> **Exercise instructions**:
In the copy, include no pictures. Reproduce the rest of the entries exactly.

Collection entries
::::::
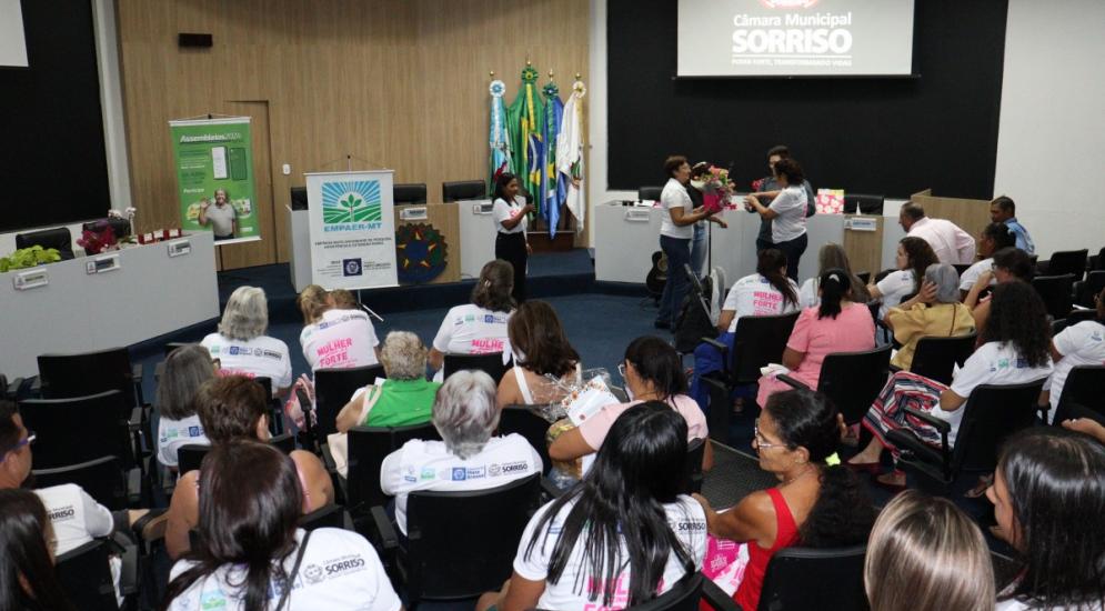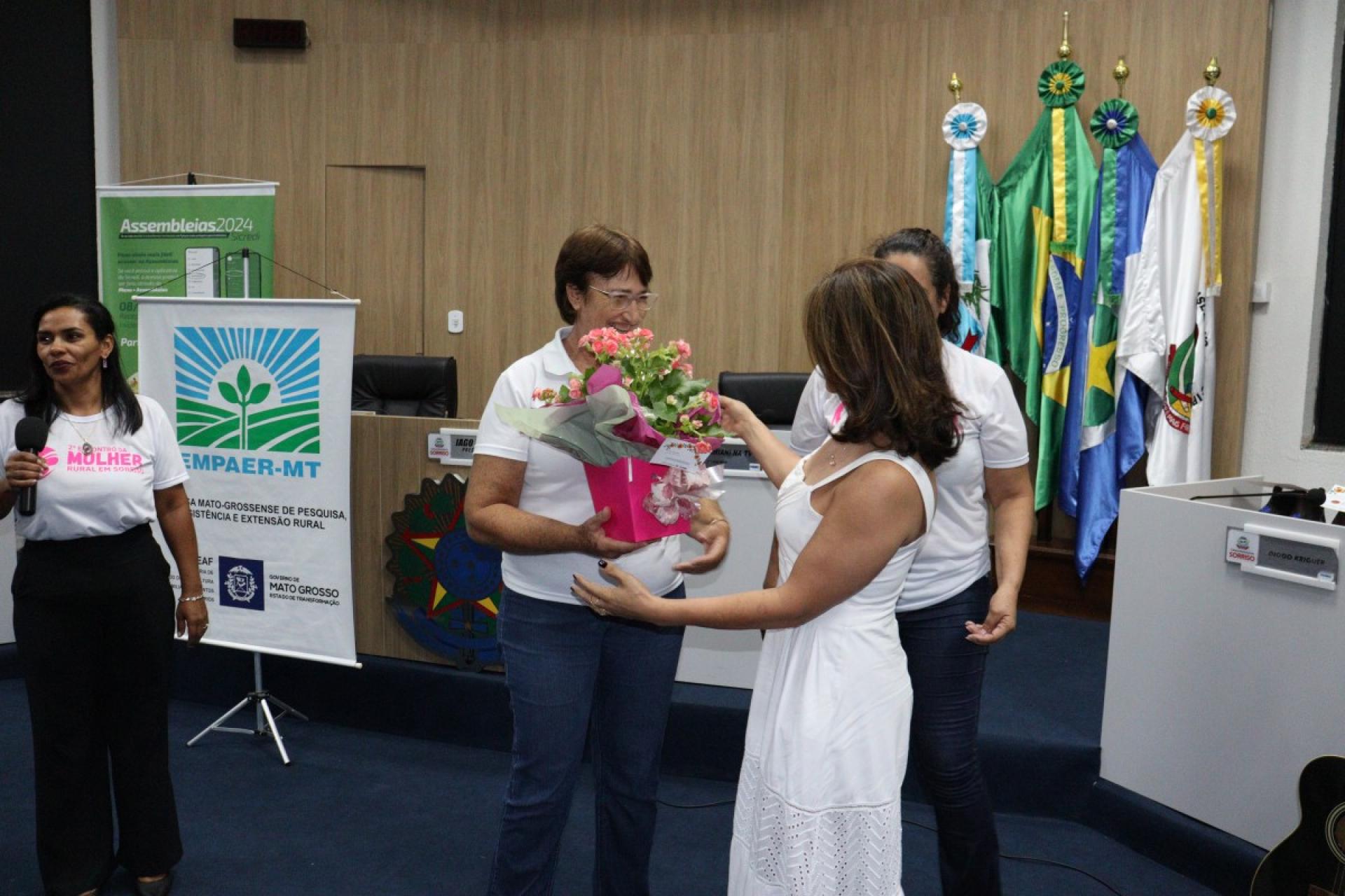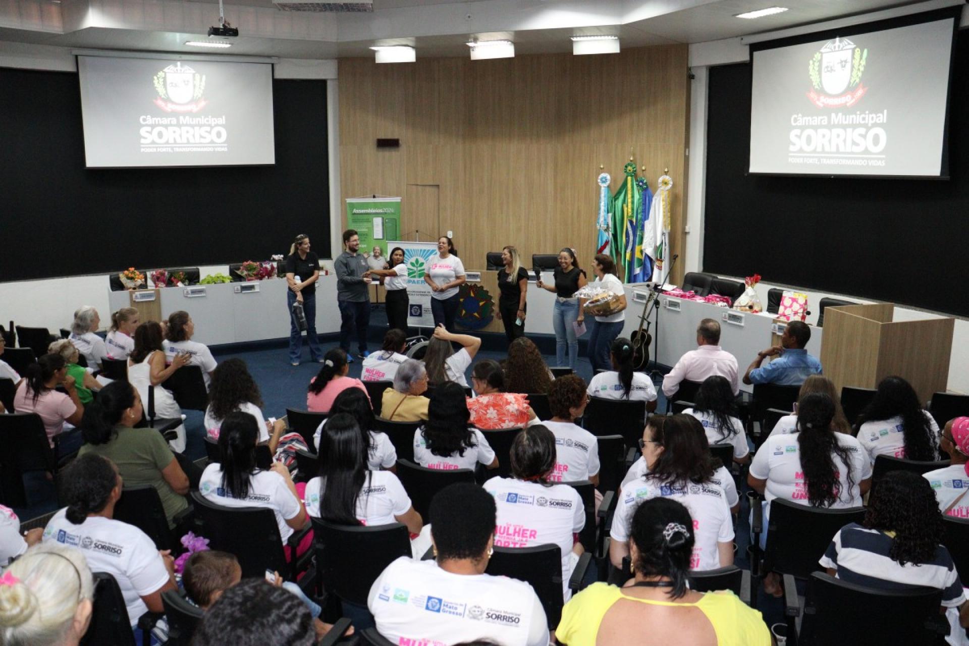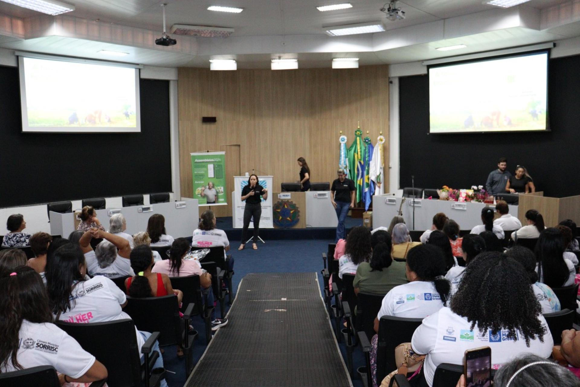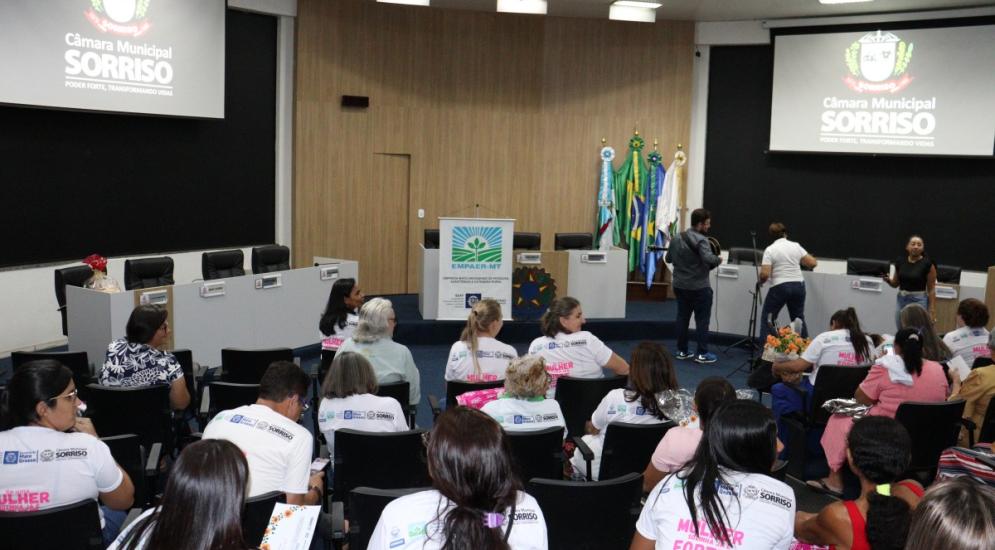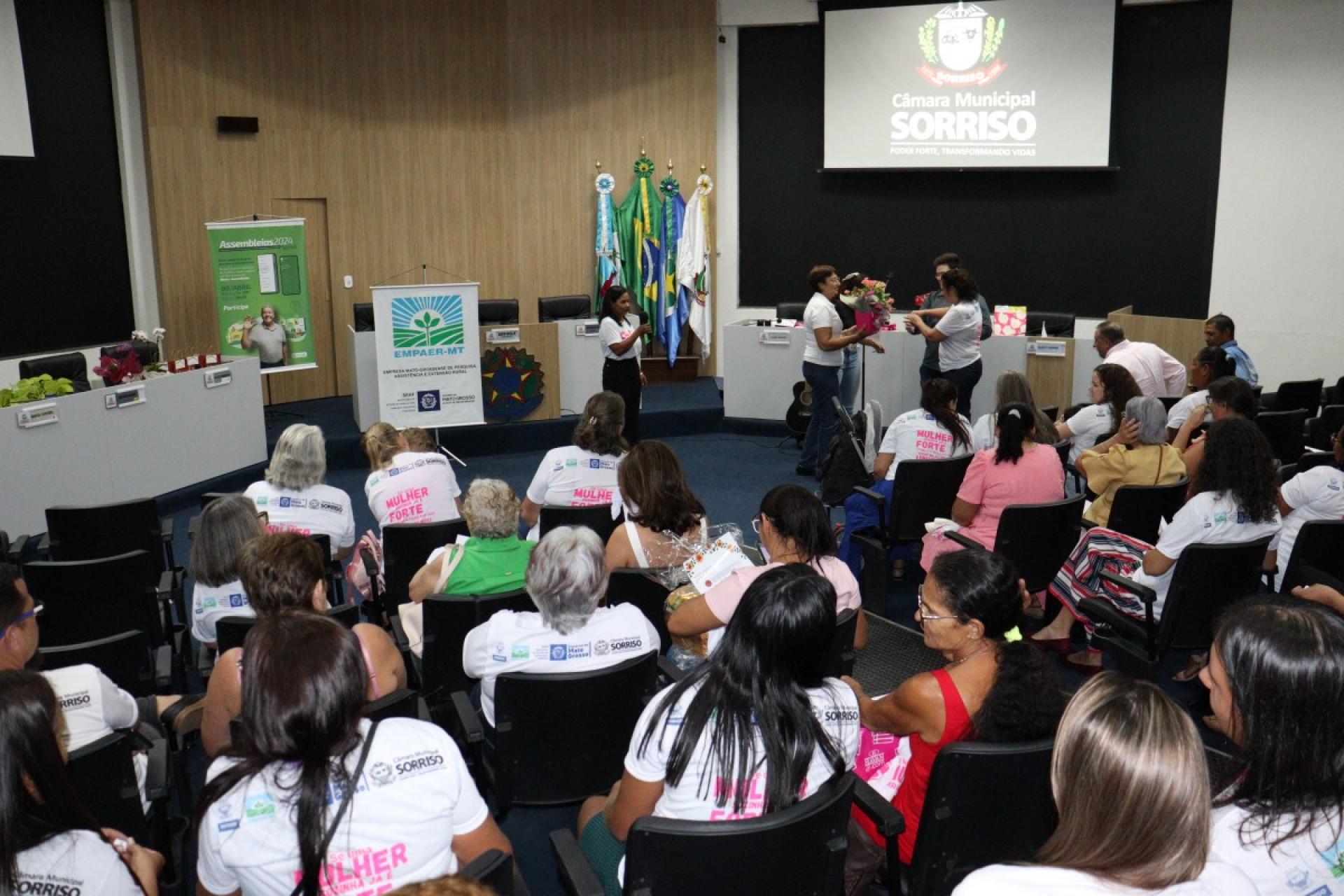 Ao todo, 109 mulheres tiveram uma tarde especial, onde participaram do 2º Encontro da Mulher Rural de Produtiva realizado na última sexta-feira (22), pela Câmara Municipal de Sorriso e que foi organizado pela vereadora licenciada, Jane Delalibera e vereadora, Márcia Cordeiro com apoio da Empaer – MT e Sicredi Celeiro.
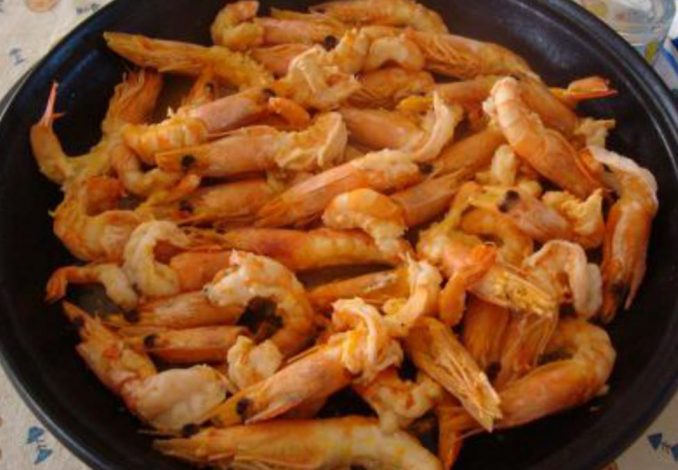 Descasque os camarões deixando intactas as cabeças. Escale-os retirando o veio escuro. Junto todos os sucos e verta por cima dos camarões numa frigideira anti-aderente. Cozinhe em lume brando e sirva com o molho.
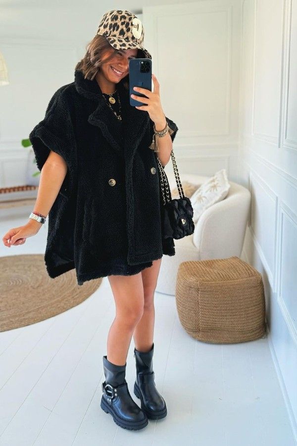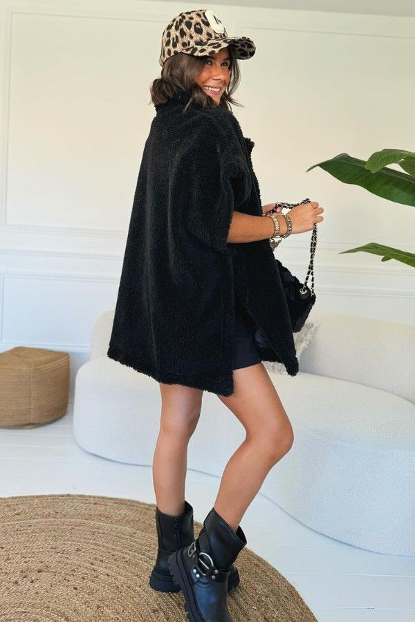 Oversized teddy Vest In Black
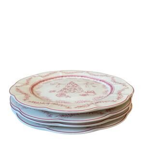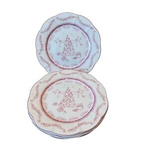Monterey Bay Porcelain Christmas Salad Plates 8.5in Pink & White NEW
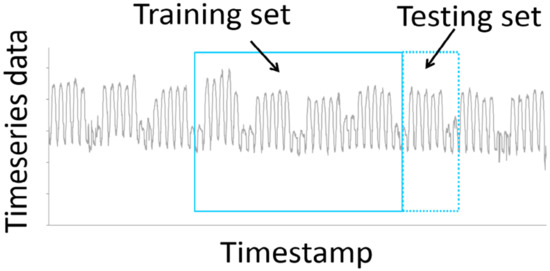 The number of data samples required in a testing set (i.e., the testing set size) is determined based on the forecast horizon of the model. For example, the testing set size for the week-ahead models is the number of hourly values in one week. The training set samples are taken from the preceding days of the testing set without gaps in between to ensure that the latest data are used for training. The training-testing sets are selected for cross-validation using a forward sliding window method as shown in Figure 4. The training-testing sets slide forward in steps equal to the size of the testing set. This also simulates the real-world operation of the ML models that we would want in deployment for DR capacity scheduling.
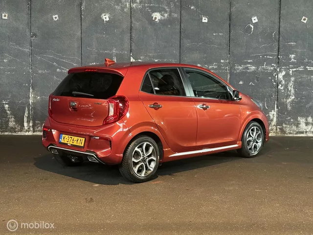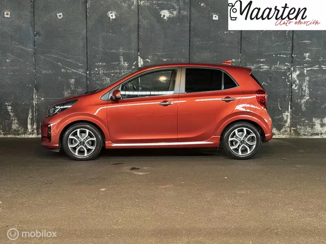 Picanto GT-Line BOMVOL! Kenteken: K-376-KN; Merk: Kia; Model: Picanto; APK tot: 10-07-2026; Tellerstand: 120240 KM; Carrosserievorm: Hatchback; Aantal deuren: 5; Brandstofsoort: Benzine; Bouwjaar: 2021; Transmissie: Handgeschakeld; Kleur: oranje; Motorinhoud: 998 cc; Aantal cilinders: 3; Motorcode: G3LD; Vermogen: 49 kW / 67pk; Ledig gewicht: 874 kg; Aantal zitplaatsen: 4; Verbruik: 4.3 l/100 km; BTW/Marge: Marge, de BTW is niet aftrekbaar; Lengte: 360 cm; Breedte: 160 cm; Motorrijtuigenbelasting: € 92 - 99 per kwartaal; Emissieklasse: Euro 6. Comfort. Cruise control. Exterieur. Achterruitwisser; Buitenspiegel rechts; Buitenspiegels elektrisch inklapbaar; Buitenspiegels elektrisch verstel- en verwarmbaar; Centrale vergrendeling met afstandsbediening; Chroom delen exterieur; Dimlichten automatisch; Extra getint glas achter; Keyless entry; LED achterlichten; LED dagrijverlichting; Lichtmetalen velgen 16"; Mistlampen voor; Parkeersensor achter; Side-skirts; Sportvelgen; Trekhaak met...
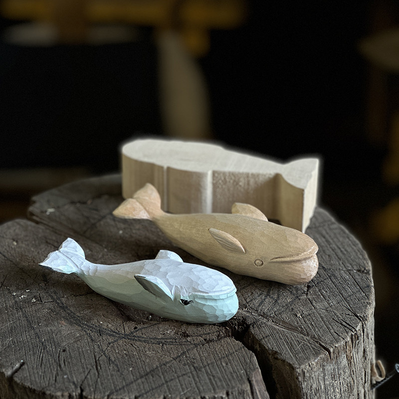 📚 新手手工雕刻木头鲸鱼椴木模型摆件玩具手工diy材料包创意礼物
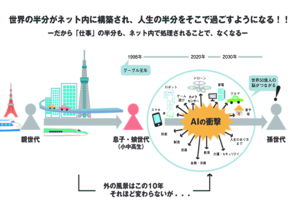 言いたいこと=「ロボットAI社会が進むほど大切になる「基礎的人間力」と「情報編集力」」。
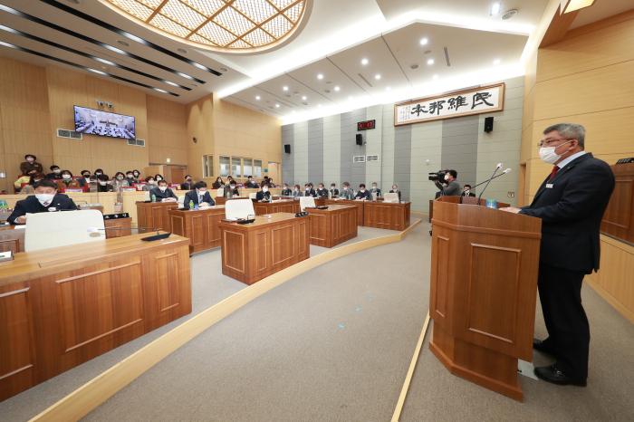 김학동 군수는 “신도시 정주 여건 개선과 원도심 공동화 현상 극복, 일자리 창출과 부자 농촌 만들기에 주력을 다 할 것이며 맞춤형 복지 실현, 관광 인프라를 통한 체류형 관광 유도 등 군민의 복리증진과 지역발전을 위해 열심히 할 수 있도록 의회의 많은 협조와 성원을 당부드린다”고 말했다.
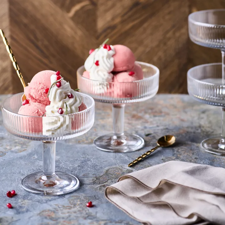 Coupe Alice dessertskål 33 cl 6-pk fra La Rochère er laget i glass og gir et elegant, men samtidig enkelt inntrykk. Disse ribbede dessertskålene rommer 33 cl og passer utmerket til desserter eller som drinkglass. Alice er en stabil og stabelbar skål som hever det dekkede bordet med sin tidløse sjarm.
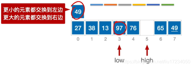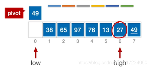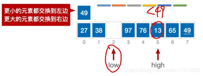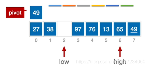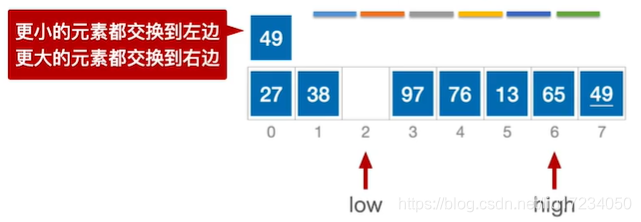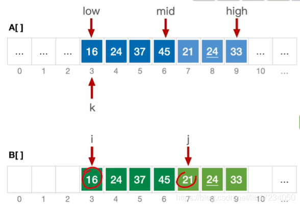 for( i=low , j=mid+1,k=i; i<=mid&&j<=high ;k++) //归并
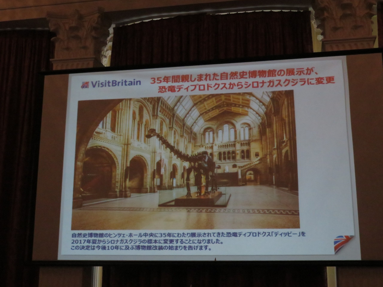 現地の英国では、恐竜ディプロドクスからシロナガスクジラに変更、35周年。こちらは渡英したらナショナル・ギャラリー、V&A などとともに行きたいです、記者発表のときも思いましたが、建築が魅力。
::::::
> **Reply to the task**:
 Ao todo, 109 mulheres tiveram uma tarde especial, onde participaram do 2º Encontro da Mulher Rural de Produtiva realizado na última sexta-feira (22), pela Câmara Municipal de Sorriso e que foi organizado pela vereadora licenciada, Jane Delalibera e vereadora, Márcia Cordeiro com apoio da Empaer – MT e Sicredi Celeiro.
 Descasque os camarões deixando intactas as cabeças. Escale-os retirando o veio escuro. Junto todos os sucos e verta por cima dos camarões numa frigideira anti-aderente. Cozinhe em lume brando e sirva com o molho.
 Oversized teddy Vest In Black
Monterey Bay Porcelain Christmas Salad Plates 8.5in Pink & White NEW
 The number of data samples required in a testing set (i.e., the testing set size) is determined based on the forecast horizon of the model. For example, the testing set size for the week-ahead models is the number of hourly values in one week. The training set samples are taken from the preceding days of the testing set without gaps in between to ensure that the latest data are used for training. The training-testing sets are selected for cross-validation using a forward sliding window method as shown in Figure 4. The training-testing sets slide forward in steps equal to the size of the testing set. This also simulates the real-world operation of the ML models that we would want in deployment for DR capacity scheduling.
 Picanto GT-Line BOMVOL! Kenteken: K-376-KN; Merk: Kia; Model: Picanto; APK tot: 10-07-2026; Tellerstand: 120240 KM; Carrosserievorm: Hatchback; Aantal deuren: 5; Brandstofsoort: Benzine; Bouwjaar: 2021; Transmissie: Handgeschakeld; Kleur: oranje; Motorinhoud: 998 cc; Aantal cilinders: 3; Motorcode: G3LD; Vermogen: 49 kW / 67pk; Ledig gewicht: 874 kg; Aantal zitplaatsen: 4; Verbruik: 4.3 l/100 km; BTW/Marge: Marge, de BTW is niet aftrekbaar; Lengte: 360 cm; Breedte: 160 cm; Motorrijtuigenbelasting: € 92 - 99 per kwartaal; Emissieklasse: Euro 6. Comfort. Cruise control. Exterieur. Achterruitwisser; Buitenspiegel rechts; Buitenspiegels elektrisch inklapbaar; Buitenspiegels elektrisch verstel- en verwarmbaar; Centrale vergrendeling met afstandsbediening; Chroom delen exterieur; Dimlichten automatisch; Extra getint glas achter; Keyless entry; LED achterlichten; LED dagrijverlichting; Lichtmetalen velgen 16"; Mistlampen voor; Parkeersensor achter; Side-skirts; Sportvelgen; Trekhaak met...
 📚 新手手工雕刻木头鲸鱼椴木模型摆件玩具手工diy材料包创意礼物
 言いたいこと=「ロボットAI社会が進むほど大切になる「基礎的人間力」と「情報編集力」」。
 김학동 군수는 “신도시 정주 여건 개선과 원도심 공동화 현상 극복, 일자리 창출과 부자 농촌 만들기에 주력을 다 할 것이며 맞춤형 복지 실현, 관광 인프라를 통한 체류형 관광 유도 등 군민의 복리증진과 지역발전을 위해 열심히 할 수 있도록 의회의 많은 협조와 성원을 당부드린다”고 말했다.
 Coupe Alice dessertskål 33 cl 6-pk fra La Rochère er laget i glass og gir et elegant, men samtidig enkelt inntrykk. Disse ribbede dessertskålene rommer 33 cl og passer utmerket til desserter eller som drinkglass. Alice er en stabil og stabelbar skål som hever det dekkede bordet med sin tidløse sjarm.
 for( i=low , j=mid+1,k=i; i<=mid&&j<=high ;k++) //归并
 現地の英国では、恐竜ディプロドクスからシロナガスクジラに変更、35周年。こちらは渡英したらナショナル・ギャラリー、V&A などとともに行きたいです、記者発表のときも思いましたが、建築が魅力。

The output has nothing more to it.